Security Awareness Programs & Computer-Based Training

The Multi-Sector Federal Workforce and Infosec

Advice from a Former Air Force Assistant Secretary
The Multi-Sector Federal Workforce and Infosec

One of the critical challenges facing the government is how best to integrate work across multiple disciplines while maintaining a secure computing environment.

Ruby DeMesme, a former Air Force assistant secretary for manpower, reserve affairs, installation and environment, sees information technology as shaping the way government workers perform their jobs. No longer are jobs aligned with a predefined assignment, but are dynamic, requiring critical thinking and the ability to navigate technology to determine how best to perform a variety of tasks.

"We have a multi-sector workforce and we have a multi-generational workforce and we have the ability to deliver information instantaneously around the world," Ruby DeMesme, now a senior adviser at the consultancy Deloitte, said in an interview with (transcript below). "But, when all of these confluences or ideas and factors and events come together, it means that the person in the workforce must be very comfortable with their knowledge or know where to get information on a split second notice; it is not even minute by minute today, it is second by second."

For decades from the inside, and now from the outside, Ruby DeMesme has seen the role of the federal government worker evolve over the years.

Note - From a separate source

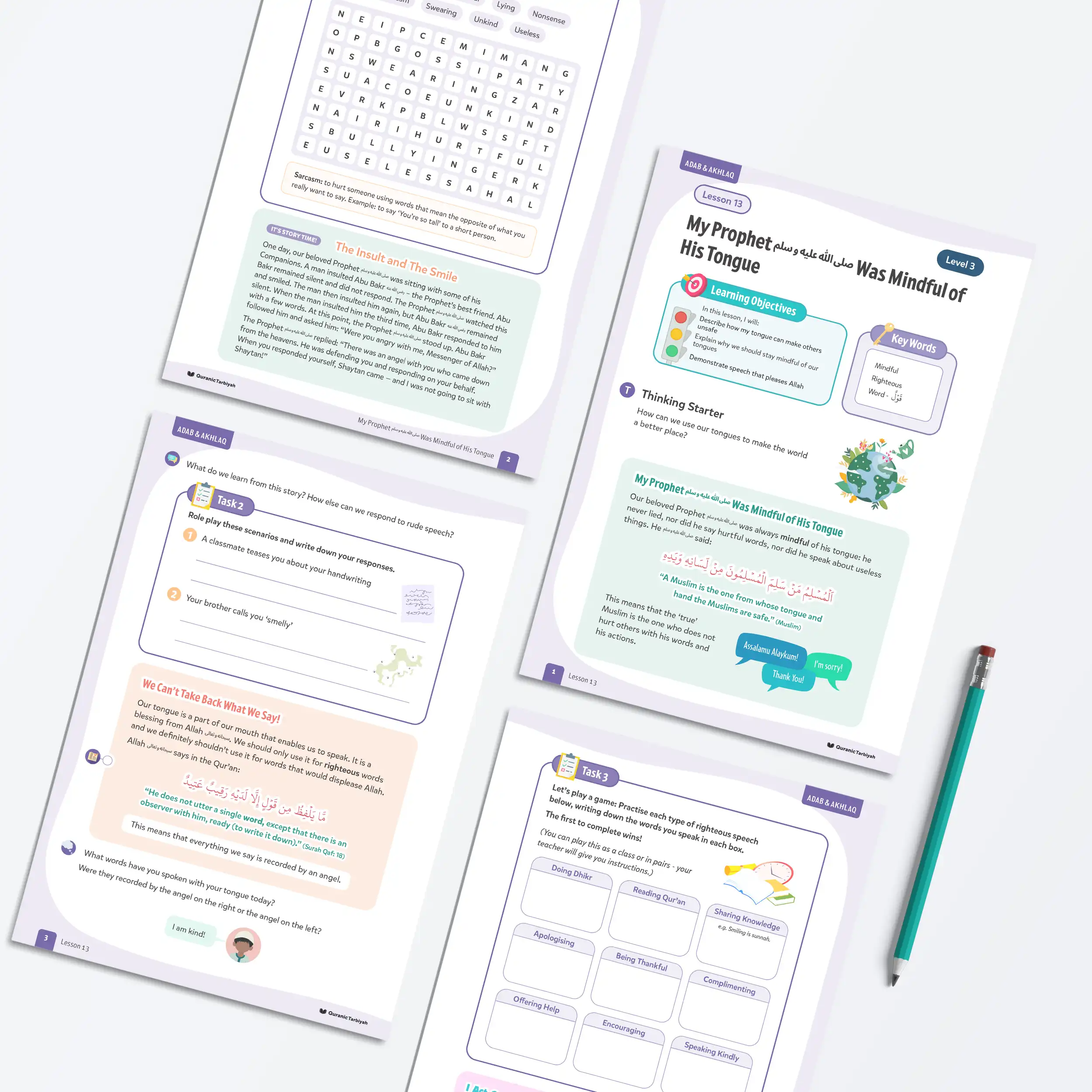 Give your child timeless values and noble manners through engaging lessons inspired by the Prophet ﷺ with Adab & Akhlaq Level 3 book.

DeMesme has written a paper entitled, Equipping the Federal Workforce for the Cyber Age, in which IT security plays a critical factor.

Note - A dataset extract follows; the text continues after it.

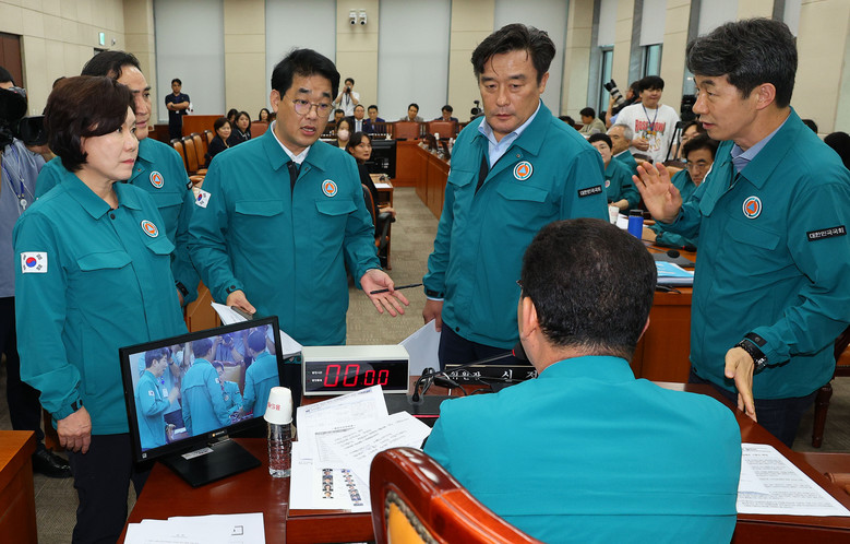 18일 국회에서 열린 행정안전위원회 전체회의에서 국민의힘 조은희 간사를 비롯한 의원들이 이달희 의원의 의사진행 발언을 중단시킨 것에 대해 신정훈 위원장에게 항의하고 있다. 맨 오른쪽은 야당 간사인 더불어민주당 윤건영 의원.[사진=연합뉴스]

In the interview, DeMesme explains the:

  • Meaning of the word equipping in context to the Internet-age federal workforce.
  • Synergy between cybersecurity and an IT-savvy workforce.
  • Commitment the federal government must make to create a 21st century workforce.'s Eric Chabrow interviewed DeMesme.

DeMesme was named Air Force assistant secretary in 1998, where she directed and managed Air Force human resources management policies and programs for more than 2 million active and reserve members, civilians and families. She oversaw strategic planning on issues including recruitment, training, retention and separation policies and programs.

During her 22-year tenure with the Department of Defense, DeMesme regularly testified before Congress and worked with lawmakers and other government officials to secure funding for military benefits programs. She also served as a senior adviser on military matters to former Sen. John Glenn, D.-Ohio.

DeMesme graduated magna cum laude from St. Augustine's College and was awarded a master of social work degree from the University of North Carolina.

ERIC CHABROW: Your advising Deloitte. and a recent paper you helped prepare is entitled Equipping the Federal Workforce for the Cyber Age. Why is the term "equipping"? What equipment or tools do federal workers need to be prepared for the digital age?

RUBY DeMESME: We actually used the term equipping because I think it is more than education, whereas usually the workforce needing to learn more or to have more training or to have a greater awareness of things. I think in the cyber world, it goes a little bit beyond just learning about it. Equipping means having the abilities, the opportunities, the training and the tools to ensure that they are really prepared to change the way they work in the new world of work environment.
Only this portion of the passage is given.